It’s an idea that has been talked about ever since analysts and consultants first thought of how telcos could bring about a “Kodak” moment for energy utilities as new technologies such as rooftop solar and distributed battery storage upended decades-old business models.

And the idea seemed to have greater currency when Telstra, the dominant telco in Australia, snapped up Ben Burge, the feisty former head of Powershop who was hired in early 2016 to launch a team that would look at offering home energy services to millions of consumers.

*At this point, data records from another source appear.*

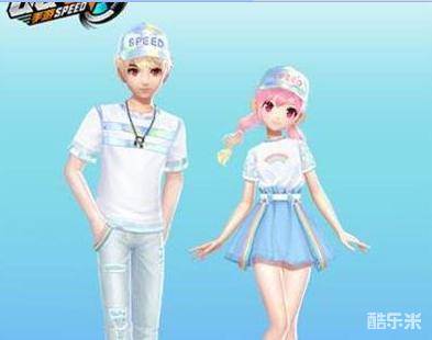 白色T恤上印着蓝色荧光条纹,搭配浅灰的牛仔裤和白色运动鞋,衬托出男生的活力与青春。女生身着白色T恤与蓝色收腰伞裙,T恤上的彩虹条装饰与伞裙的彩虹缀带相衬,突显活泼和阳光。
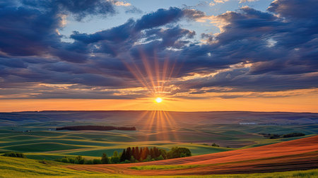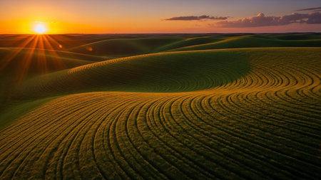 Agricultural showing golden sunset over rolling green agricultural fields with curved rows creating a landscape pattern and sunburst effect keywords: sunset,...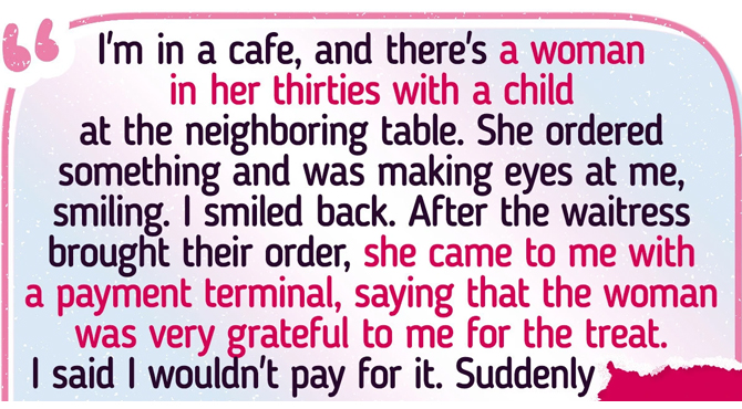 I’m in a cafe, and there’s a woman in her thirties with a child at the neighboring table. She ordered something and was making eyes at me, smiling. I smiled back. After the waitress brought their order, she came to me with a payment terminal, saying that the woman was very grateful to me for the treat. I said I wouldn’t pay for it.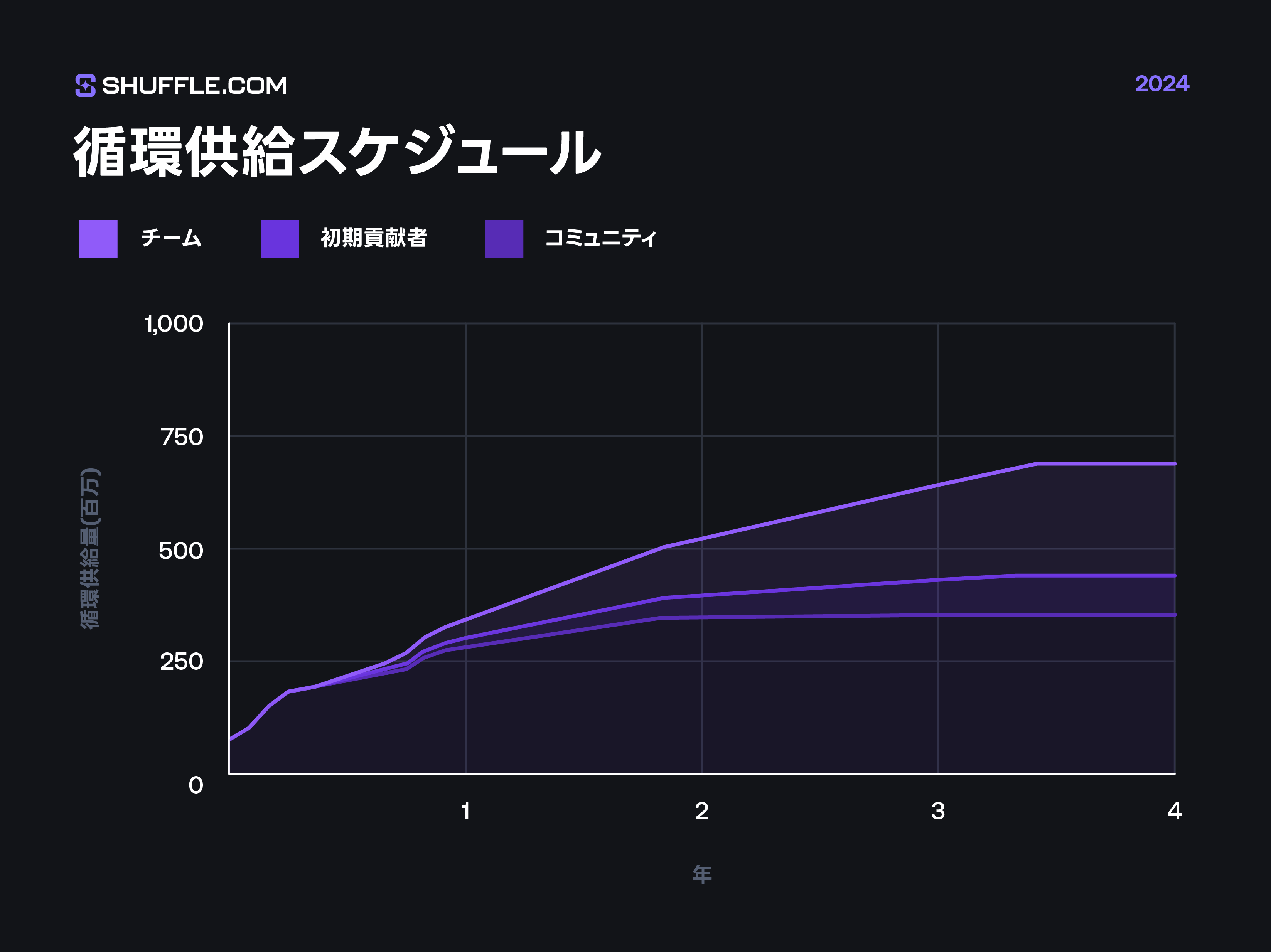 割り当てられたトークンは現在の Shuffle チーム メンバーに付与されており、割り当ては将来のチーム インセンティブのために確保されています。この割り当てには、6 か月のクリフとそれに続く 36 か月の\*直線的な権利確定のスケジュール（Linearly vest）があります。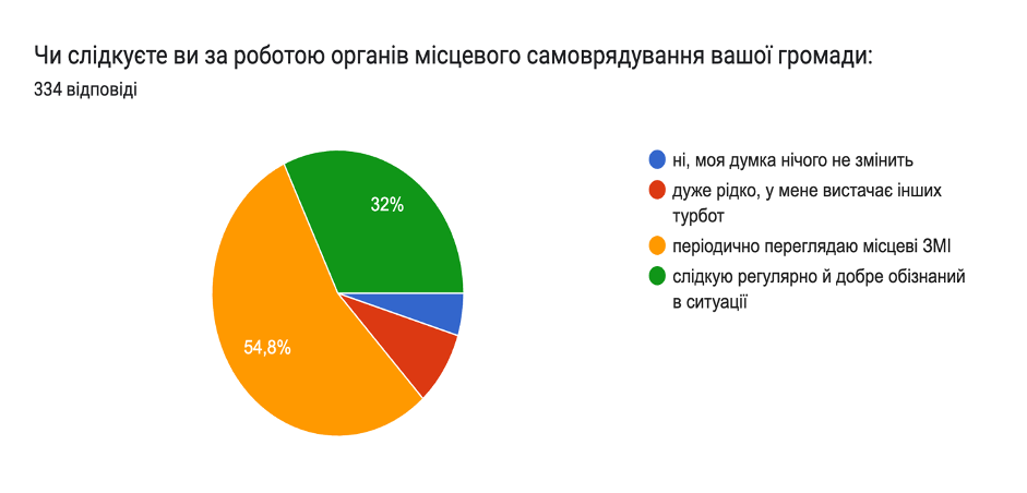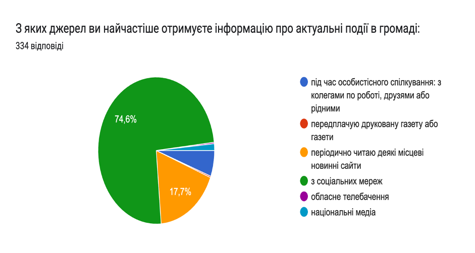 5. 32% респондентів регулярно слідкують за важливими подіями в громаді. 74,6% опитаних зазначають, що отримують інформацію новинного характеру про події в громаді з соціальних мереж й лише 17,7% при тому підписані на локальні новинні сайти.

It’s been just over two years since the Burge hiring was announced – and apart from some important and ground-breaking contracts for big solar and wind farms, and a plan to offer its considerable battery storage for use in the grid – the retail push has since been downplayed.

You could put the blame on the complexity – business, economic, technical and cultural – in encouraging an industry monolith to turn around and challenge other giants in a new market.

But analysts say it still makes sense, and they suggest that Telstra could be well advised to invest up to $20 billion in Australia’s energy market, in what would be the most dramatic intervention in the top end of the industry for decades.

In a new report, telco and energy market analysts at Morgan Stanley look at Telstra’s likely choices, and conclude that combining telecommunications and energy retailing – as some smaller players have already done – could be much more attractive than other options.

“We think the energy idea could have merit for (Telstra) too … potentially on a much larger scale,” the Morgan Stanley analysts write.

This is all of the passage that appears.